使用scipy.stats使用自定义分布拟合数据

[英]Fitting data with a custom distribution using scipy.stats

So I noticed that there is no implementation of the Skewed generalized t distribution in scipy . 所以我注意到scipy中没有scipy 广义t分布scipy It would be useful for me to fit this is distribution to some data I have. 对我来说,适合这是对我的一些数据的分配是有用的。 Unfortunately fit doesn't seem to be working in this case for me. 不幸的是,在这种情况下, fit似乎并不适用于我。 To explain further I have implemented it like so 为了进一步解释,我已经实现了它

import numpy as np
import pandas as pd
import scipy.stats as st
from scipy.special import beta

class sgt(st.rv_continuous):

    def _pdf(self, x, mu, sigma, lam, p, q):

        v = q ** (-1 / p) * \
            ((3 * lam ** 2 + 1) * (
                    beta(3 / p, q - 2 / p) / beta(1 / p, q)) - 4 * lam ** 2 *
             (beta(2 / p, q - 1 / p) / beta(1 / p, q)) ** 2) ** (-1 / 2)

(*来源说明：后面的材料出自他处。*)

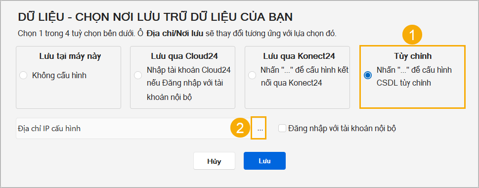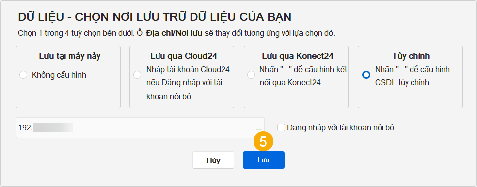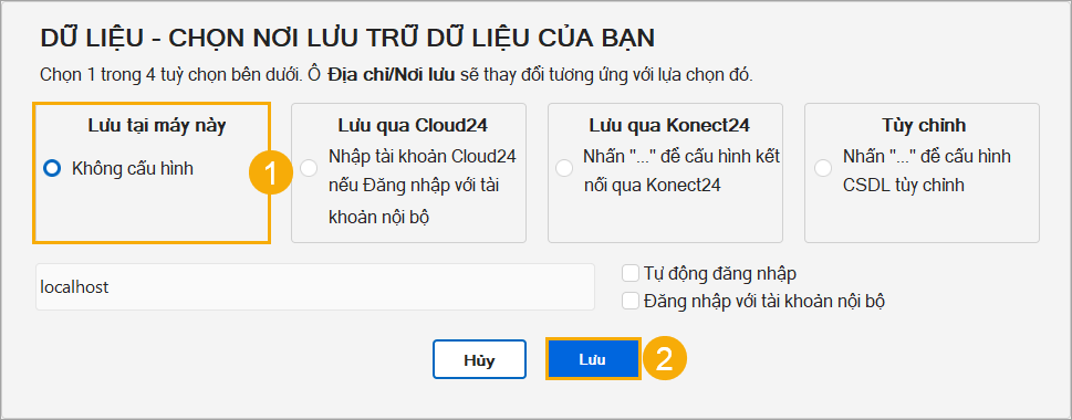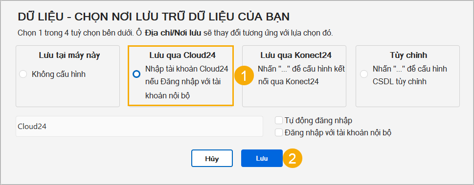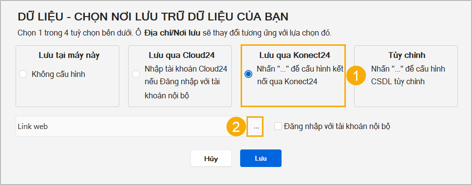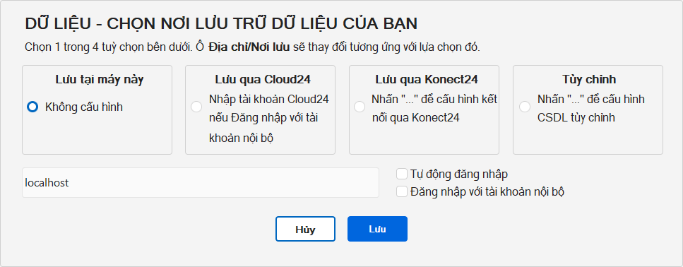 Khi nhấn Lưu dữ liệu, hệ thống hiển thị giao diện Dữ liệu - Chọn nơi lưu trữ dữ liệu của bạn:

        m = 2 * v * sigma * lam * q ** (1 / p) * beta(2 / p, q - 1 / p) / beta(
            1 / p, q)

        fx = p / (2 * v * sigma * q ** (1 / p) * beta(1 / p, q) * (
                abs(x - mu + m) ** p / (q * (v * sigma) ** p) * (
                lam * np.sign(x - mu + m) + 1) ** p + 1) ** (
                          1 / p + q))

        return fx

    def _argcheck(self, mu, sigma, lam, p, q):

        s = sigma > 0
        l = -1 < lam < 1
        p_bool = p > 0
        q_bool = q > 0

        all_bool = s & l & p_bool & q_bool

        return all_bool

This all works fine and I can generate random variables with given parameters no problem. 这一切都很好,我可以生成给定参数的随机变量没问题。 The _argcheck is required as a simple positive params only check is not suitable. _argcheck是必需的,因为只有一个简单的积极参数检查不合适。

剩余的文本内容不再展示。